Les 7 et 8 juin 2026, Lomé a servi de cadre à une rencontre stratégique dédiée à la résolution de la crise qui secoue l’est de la République démocratique du Congo (RDC). Autour de la table, les délégués des principales instances régionales impliquées dans la médiation : la Communauté de développement de l’Afrique australe (SADC), la Communauté de l’Afrique de l’Est (EAC), la Conférence internationale sur la région des Grands Lacs (CIRGL), rejoints par les envoyés de l’Union africaine (UA) et de l’Organisation des Nations unies (ONU). Le but : harmoniser les approches diplomatiques et évaluer les progrès vers un cessez-le-feu durable.

Unir les fils d’une médiation éclatée

Le choix du Togo n’est pas le fruit du hasard. Faure Gnassingbé, facilitateur désigné par l’UA pour ce dossier, tente depuis plusieurs mois de coordonner des initiatives parallèles qui se sont multipliées sans vraie convergence. Le processus de Nairobi, mené par l’EAC, et celui de Luanda, piloté sous l’égide de l’UA et longtemps porté par l’Angolais João Lourenço, ont avancé de manière désordonnée. Leur rapprochement, amorcé en 2024, n’a pas encore donné les fruits espérés sur le terrain.

Les diplomates réunis à Lomé ont admis que la coordination reste le point faible de l’effort de paix. Plusieurs voix ont appelé à simplifier les canaux de dialogue pour empêcher les parties de jouer une médiation contre l’autre. Cette fragmentation a longtemps favorisé les groupes armés, notamment le Mouvement du 23 mars (M23), dont les offensives au Nord-Kivu et au Sud-Kivu ont bouleversé la carte sécuritaire régionale.

Kinshasa, Kigali et le M23 sous pression diplomatique

Les avancées diplomatiques annoncées lors de cette rencontre restent modestes face aux enjeux. Les pourparlers directs entre Kinshasa et le M23, longtemps refusés par le gouvernement congolais, ont finalement démarré sous la pression conjuguée des médiateurs régionaux et des partenaires internationaux. En parallèle, le dialogue bilatéral entre la RDC et le Rwanda, que l’ONU et plusieurs capitales occidentales accusent de soutenir la rébellion, constitue le dossier politique le plus épineux.

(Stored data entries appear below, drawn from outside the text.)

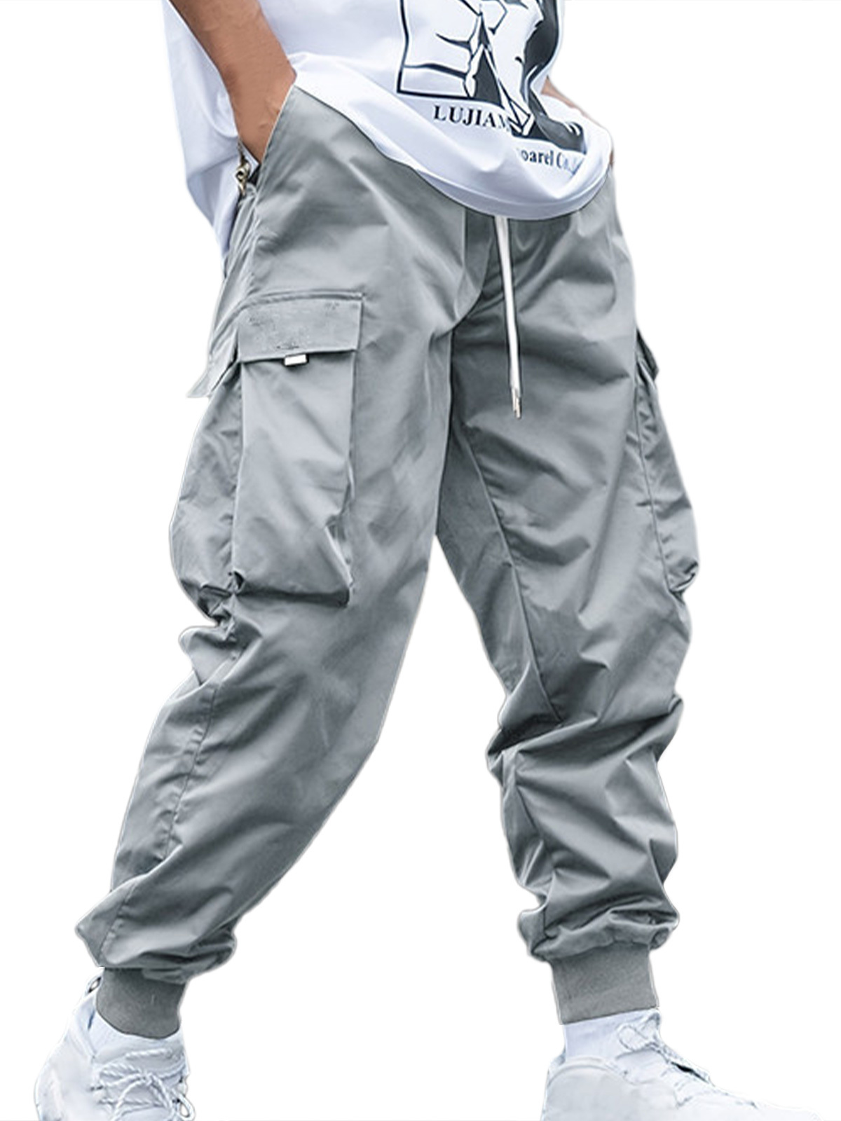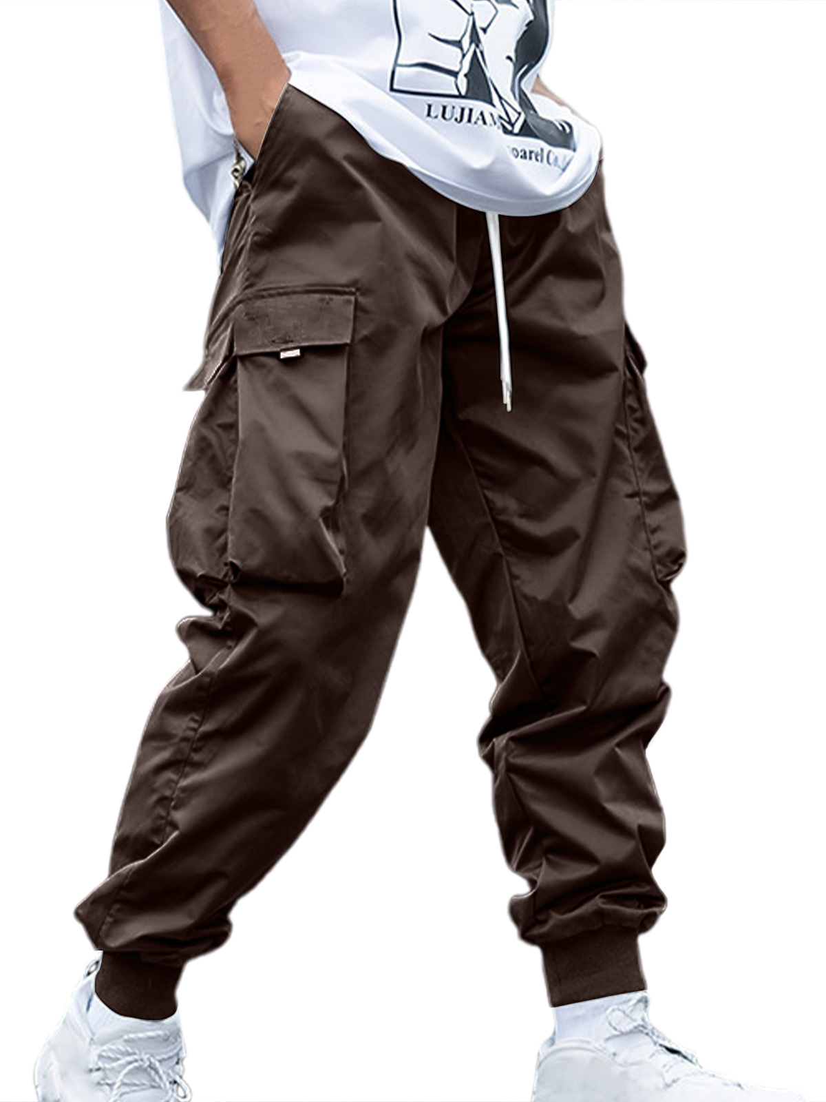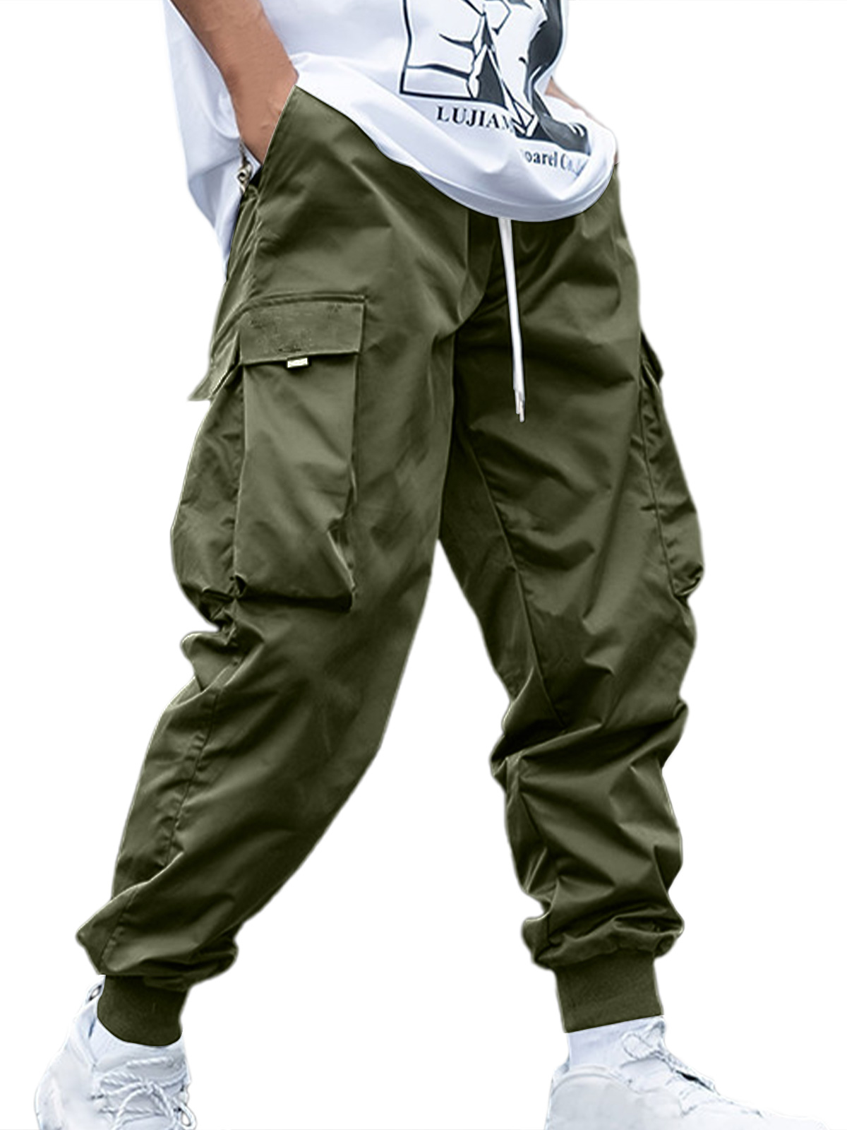 Men's Retro Casual Multi-pocket Elastic Waist Solid Color Trousers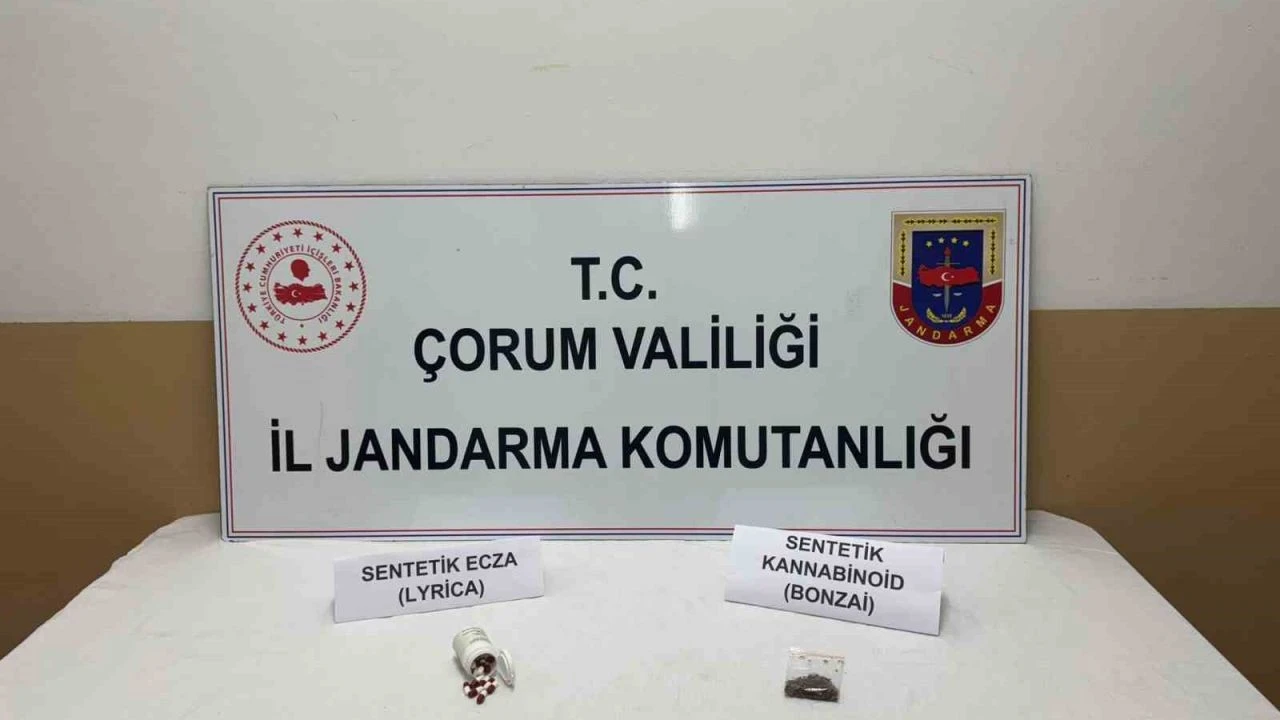 Çorum'un Alaca ilçesinde jandarma ekiplerinin yaptığı yol kontrol uygulamasında durdurulan bir araçta sentetik uyuşturucu ve ecza hapları ele geçirildi. Olayla ilgili 2 şüpheli gözaltına alındı.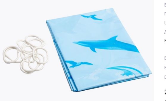 Штора для ванной комнаты Дельфин 180х180см 10 колец в комплекте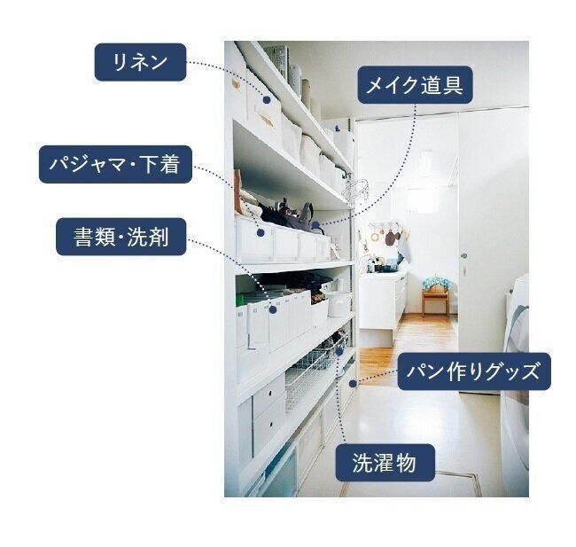 洗面所の壁面に作った大容量の収納もフルオープン。キッチンのすぐ隣なので、書類やパン作りグッズもここを定位置に。軽い物は上、重い物は下に収納して出し入れをラクに。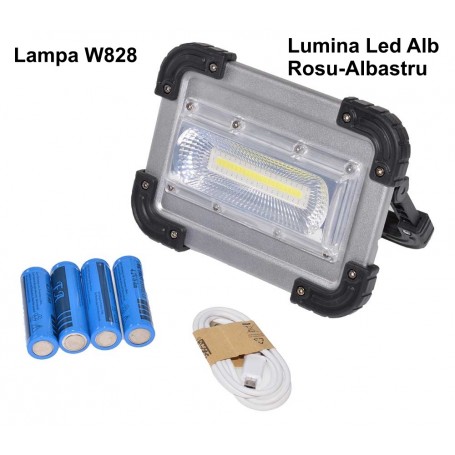 Lampa de lucru cu led COB 2 in 1 de 30W cu lumina alb-rece pe modulul central si 3 functii de iluminat: 100%, 50% si intermitent. Rama exterioara a led-ului se aprinde in culorile albastru si rosu cu lumini de avarie si semnalizare. Dupa o incarcare de 3 ore acesta poate avea o durata de functionare intre 5 si 8 ore. Alimentarea se va face prin mufa micro-USB cu ajutorul cablului inclus la o tensiune de 5V DC.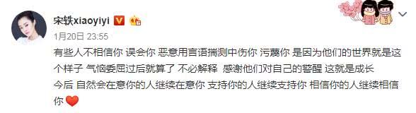 宋轶最后还说:“今后,自然会在意你的人继续在意你,支持你的人继续支持你,相信你的人继续相信你!”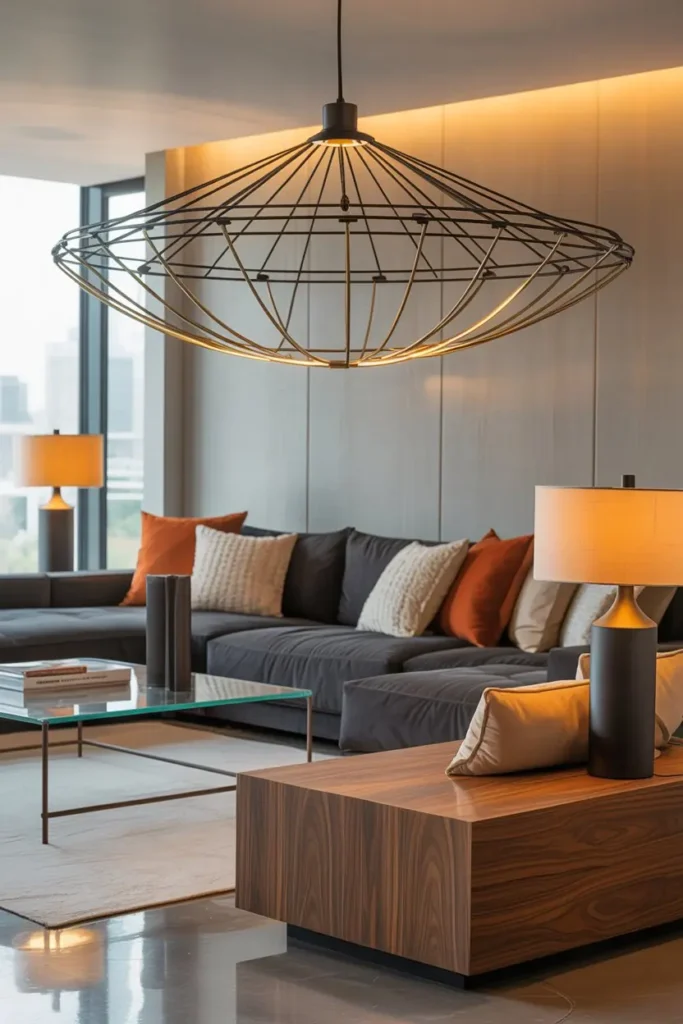 Lighting is no longer just functional — it’s decorative. Sculptural pendant lights, modern chandeliers, or artistic floor lamps act as focal points.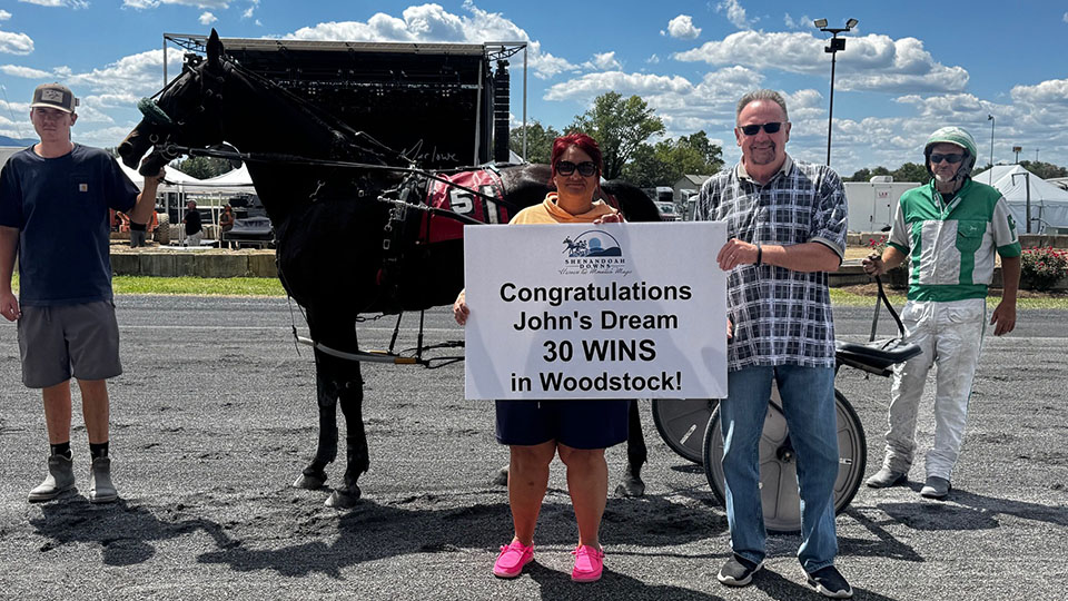 Woodstock, VA — Twelve-year-old gelding pacer John’s Dream, the winningest harness horse ever in Woodstock, Va., got his 30th local win during Thursday’s (Aug. 28) Shenandoah County Fair race card.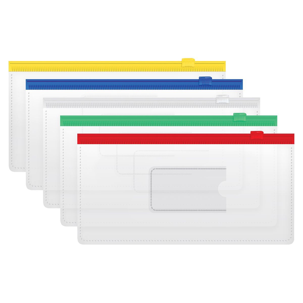 Папка-конверт на zip-молнии СТАММ 255*130мм, ПВХ, 120мкм, прозрачная, цветная молния, карман, для ж/д и авиа билетов, ассорти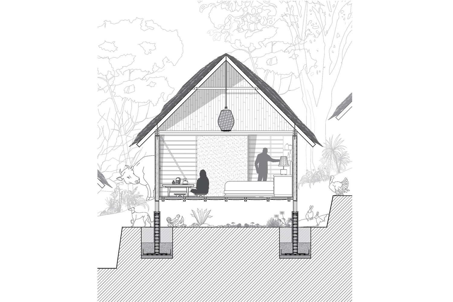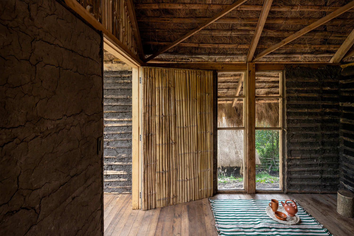 The typical traditional wattle and daub cabin has been reinterpreted, infused with expressions of innovative construction.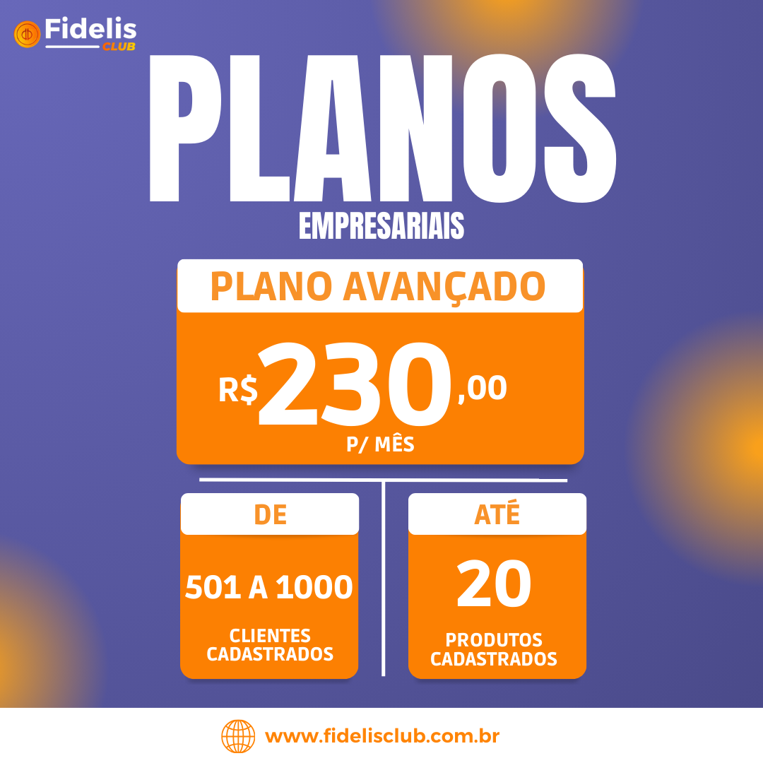 ➡️ Fidelize seus clientes de forma inteligente! Com o Plano Avançado do Fidelis Club, você cadastra de 501 a 1.000 clientes e oferece recompensas.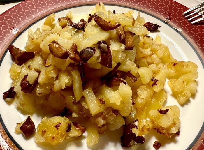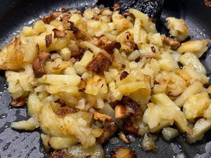 И на среднем, или чуть ниже среднего, нагреве, довести до готовности. Тут «готовность» скорее должна стать видовая. Потому что, в принципе, и картошка и грибы уже готовы.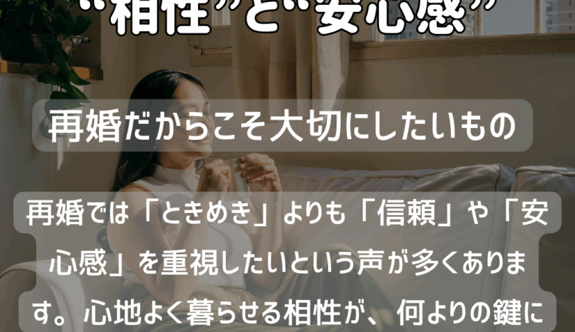 再婚を考えるとき、自分にとって理想のパートナー像を改めて見つめ直すことも大切です。安心できる関係とは何か、どんな家庭を築きたいのか。縁cafe(えんかふぇ)では、その整理から丁寧にサポートし、迷いに寄り添います。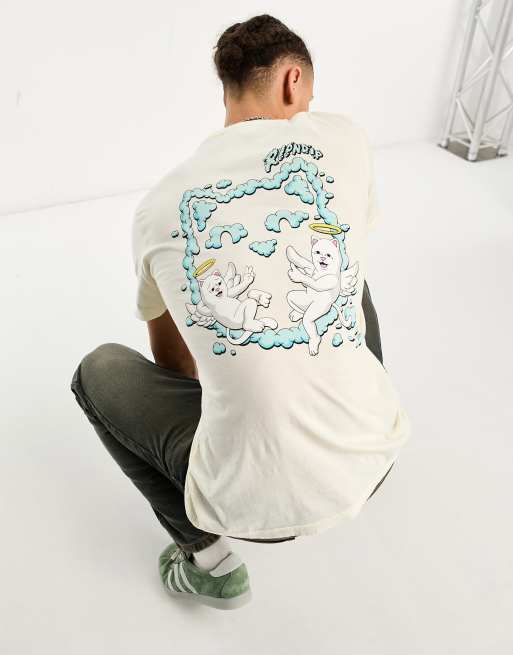 RIPNDIP – In The Clouds – Naturvit t-shirt med tryck på bröst och rygg
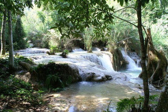 Kaum draussen schicken mich die zwei zuständigen Laoten auch noch zur Spring - also Quelle... Ich also runter den Berg und auf einen wie durch wunderhand vorhandenen kleinen See gestarrt der eine Ströhmung aber keinen Anfang hatte... also eine unterirdische Quelle... nett... aber immer noch unspektakulär. Also zurück auf null, sprich zum Wasserfall. Als Spende hab ich mein Eintrittsticket hinterlassen - nicht fair... aber gerecht. Wo kommen wir denn da hin...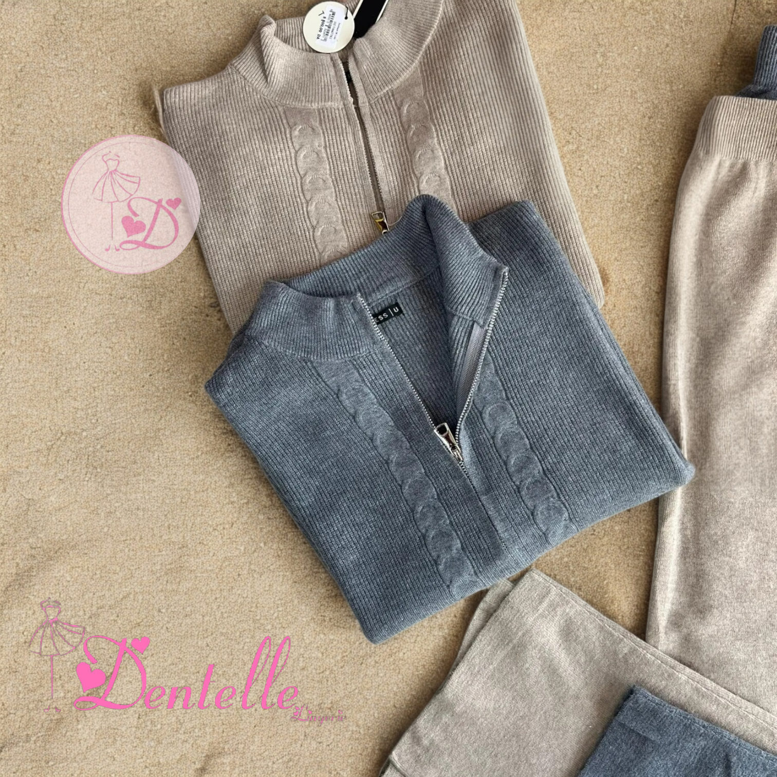 Disponible en beige et gris foncé, cet ensemble allie sobriété et élégance, parfait pour celles qui recherchent un style simple et raffiné.

Les médiateurs ont souligné que la mise en œuvre des engagements pris, notamment le retrait des forces étrangères du sol congolais et le cantonnement des milices, accuse un retard inquiétant. Le déploiement de la mission de la SADC en RDC (SAMIDRC), marqué par de lourdes pertes au début de 2025, a mis en lumière les limites des réponses militaires régionales face à un conflit aux ressorts économiques, fonciers et identitaires bien au-delà du seul registre sécuritaire.

Les racines économiques du conflit

Au-delà du politique, les participants ont insisté sur l’urgence de tarir les circuits illicites d’exploitation des ressources minières du Kivu. Coltan, étain, or et tungstène alimentent une économie de guerre dont les ramifications remontent jusqu’aux chaînes d’approvisionnement mondiales. Plusieurs médiateurs plaident pour un système régional de traçabilité, considéré comme un préalable indispensable à toute désescalade durable.

La réunion de Lomé n’a pas donné lieu à des annonces fracassantes, mais elle a permis de réaffirmer la nécessité d’une approche intégrée. Les prochaines étapes devraient associer plus étroitement la société civile congolaise, longtemps marginalisée dans des processus dominés par les chefs d’État et les diplomaties. Les organisations du Nord-Kivu et du Sud-Kivu, ainsi que les autorités coutumières, sont désormais reconnues comme des acteurs clés pour ancrer un éventuel accord dans les réalités locales.

Reste que les médiateurs ont quitté la capitale togolaise sans calendrier précis pour la signature d’un accord global. Les prochaines semaines diront si la dynamique diplomatique lancée à Lomé parviendra à infléchir le cours d’un conflit qui, depuis plus de trente ans, défie toutes les architectures de paix mises en place dans la région des Grands Lacs.